EU-South Korea research group is pioneering the use of photon-based hardware chips to help reduce the energy consumption of artificial intelligence datacentres

An international research effort is mobilising to develop chips with the potential to reduce the energy consumption of artificial intelligence (AI) datacentres by using light instead of electricity to process information.

The work is being pioneered by a team of scientists from Europe and South Korea, working together as the Haetae consortium, who have already received €1.49m in funding from the European Union (EU) to financially support their work.

According to the group, the chips they have under development could be up to 10 times more energy efficient than what is currently available, and could pave the way for faster, greener and more secure cloud and digital services in the years to come.

“By using light rather than electricity to perform calculations, we can make AI dramatically faster and far more energy-efficient, while opening the door to entirely new computing capabilities,” said Haetae project coordinator Miltiadis Moralis. “To put it simply, if we think of today’s AI hardware as a steam engine, this new photonics technology has jet propulsion.”

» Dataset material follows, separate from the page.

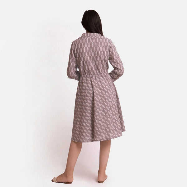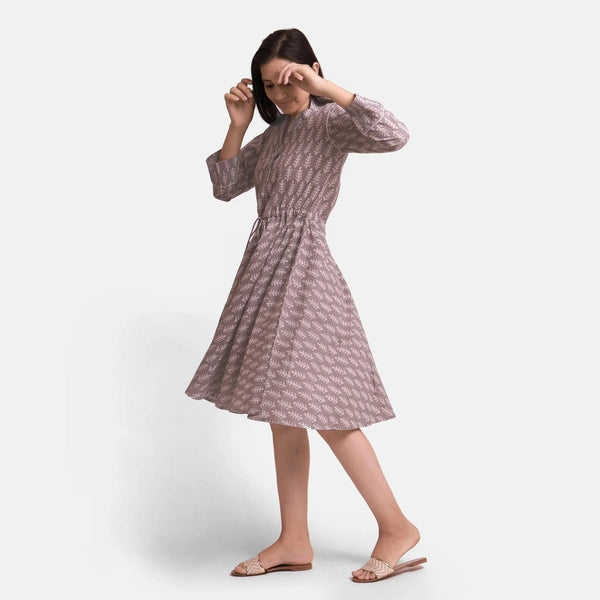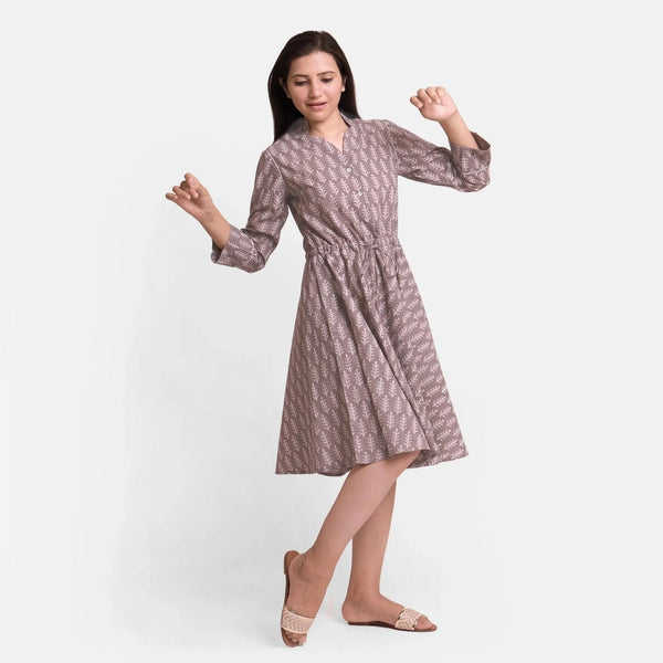 เดรสผ้าฝ้ายแขนยาวถึงเข่าสำหรับผู้หญิงชุดเดรสลำลองคอกลมพิมพ์ลาย
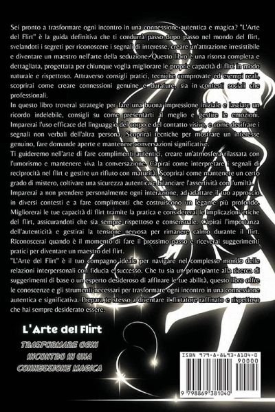 Sei pronto a trasformare ogni incontro in una connessione autentica e magica? "L'Arte del Flirt" è la guida definitiva che ti condurrà passo dopo passo nel mondo del flirt, svelandoti i segreti per riconoscere i segnali di interesse, creare un'attrazione irresistibile e diventare un maestro nell'arte della seduzione. Questo libro è una risorsa completa e dettagliata, progettata per chiunque voglia migliorare le proprie capacità di flirt in modo naturale e rispettoso. Attraverso consigli pratici, tecniche comprovate e esempi reali, scoprirai come creare connessioni genuine e durature, sia in contesti sociali che professionali. "L'Arte del Flirt" è il tuo compagno ideale per navigare nel complesso mondo delle relazioni interpersonali con fiducia e successo. Che tu sia un principiante alla ricerca di suggerimenti di base o un esperto desideroso di affinare le tue abilità, questo libro offre le conoscenze e gli strumenti necessari per trasformare ogni incontro in una connessione autentica e significativa. Prepara te stesso a diventare il flirtatore raffinato e rispettoso che hai sempre desiderato essere.

This is because light, in the form of photons, can travel at high speed and generate far less heat than relying on electrons to do the same job, said Moralis, adding: “Photonics offers a way to keep digital services improving without driving energy consumption through the roof.

“For everyday users, this could translate into faster and more responsive AI services, from digital assistants to real-time translation and search; lower energy bills and reduced environmental impact, as datacentres consume less electricity; and improved digital healthcare, transport and communication systems, powered by ultra-efficient AI.”

And this is important, as outlined by the organisation, because the energy demands of AI workloads at a datacentre level are rising rapidly and are putting increasingly high pressure on the continent’s energy grids.

According to long-term modelling by Copenhagen Infrastructure Partners and think tank Europa in its Powering the future – A vision for Europe’s energy system in 2050 report, the growing demand for digital services across the continent will require huge investments in energy generation and network capacity.

Europe alone will need to dramatically generate more electricity, embark on a massive renewable expansion and have a far smarter grid by 2050 to meet rising digital and industrial demand, the report claims.

There is also significance about this work being a joint research venture between groups of scientists from Europe and South Korea, with the former group bringing its knowledge and experience in photonics to bear on the latter group’s strength in semi-conductor manufacturing, said Moralis.

“Future computing will be built through international collaboration. This partnership allows Europe and South Korea to combine complementary strengths and push the boundaries of what AI hardware can achieve,” he said.

A major share of the project’s European research contribution is being led out of Greece, said Moralis, due to the country’s leading position in photonics, optical computing and advanced semiconductor research.

“Greece has become one of Europe’s most dynamic centres for photonics and optical computing research,” he said. “Haetae reflects how European innovation can thrive through strong academic foundations combined with deep international collaboration.”